While he was working on the Manhattan Project in Los Alamos (great firsthand account here), he got curious about the locks that the filing cabinets were "protected" by. He figured out how to get 90% of the way to a cracked code fairly easily. While engaging in casual conversations over the course of weeks, he'd be sneakily testing combinations on people's cabinets (appearing as though he were absentmindedly fidgeting!), memorizing sequences, etc. He became widely known as the guy to go to if you needed to pick More than once, his operation got the team out of a jam when someone was out on leave and the team needed access to their files.
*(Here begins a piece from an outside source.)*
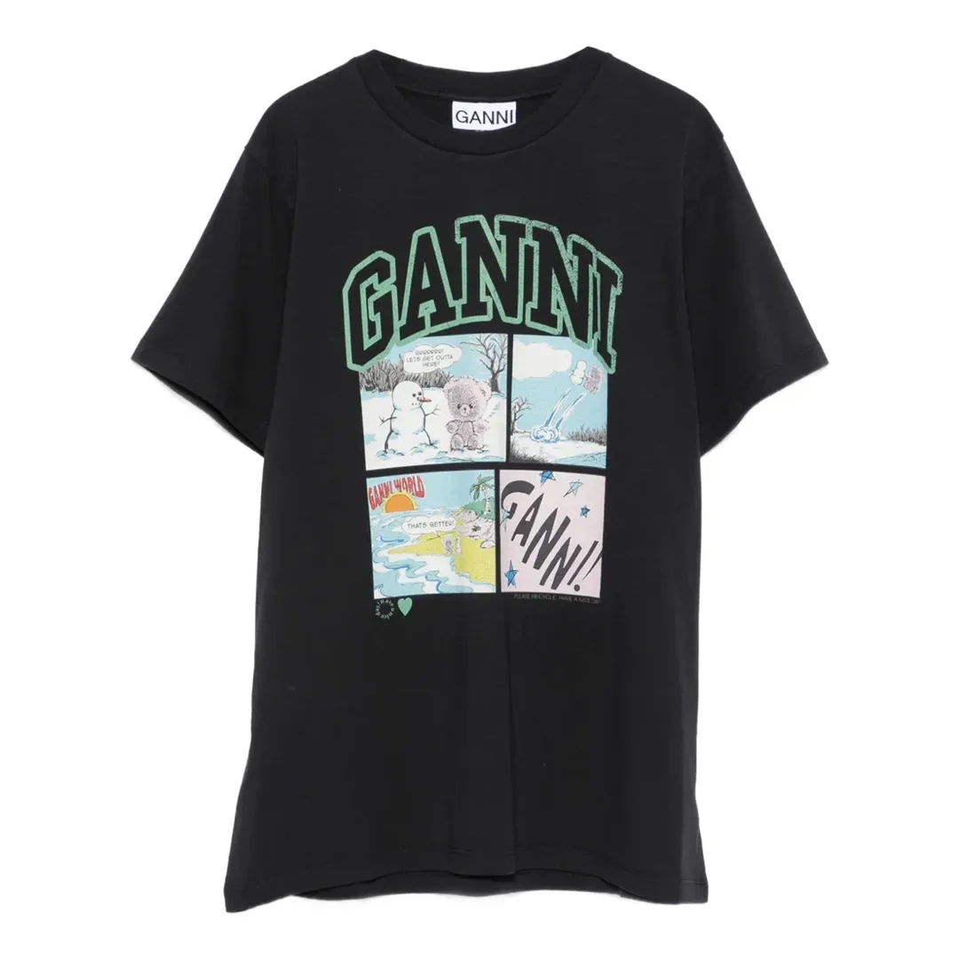 300051441BLK-XS / E6A1050070/00/252 - Cotton jersey construction - Comic panel bear graphic print - GANNI collegiate lettering - Crew neckline - Short sleeves - Relaxed oversized fit - Ribbed collar trim The GANNI Basic Cotton Jersey Bear Comic T-Shirt delivers playful Danish design with contemporary streetwear appeal. Crafted from soft cotton jersey in classic black, featuring an oversized comic panel graphic with whimsical bear illustrations. The relaxed silhouette and signature GANNI collegiate lettering create a statement piece that blends comfort with Scandinavian cool.

Perhaps my favorite: while sitting in a waiting room, he was leafing through a copy of Science magazine, where he read an article about bloodhounds' sense of smell. Wondering whether he could replicate some feats himself, he spent an afternoon seeing if he could sniff out books his wife randomly picked off the library shelves and replaced (spoiler: he could). He even turned it into a party trick where he had a group of scientists convinced that he had a mole giving him clues as to which books they picked out while he was out of the room.

We might wonder about things; but how often do we go to the trouble to do something about it? To test new knowledge out, explore its limits. It doesn't seem very efficient, but then again, is efficiency the primary goal when we're exploring? I think that's the thesis of Steven Johnson's Wonderland... (anyone read it?)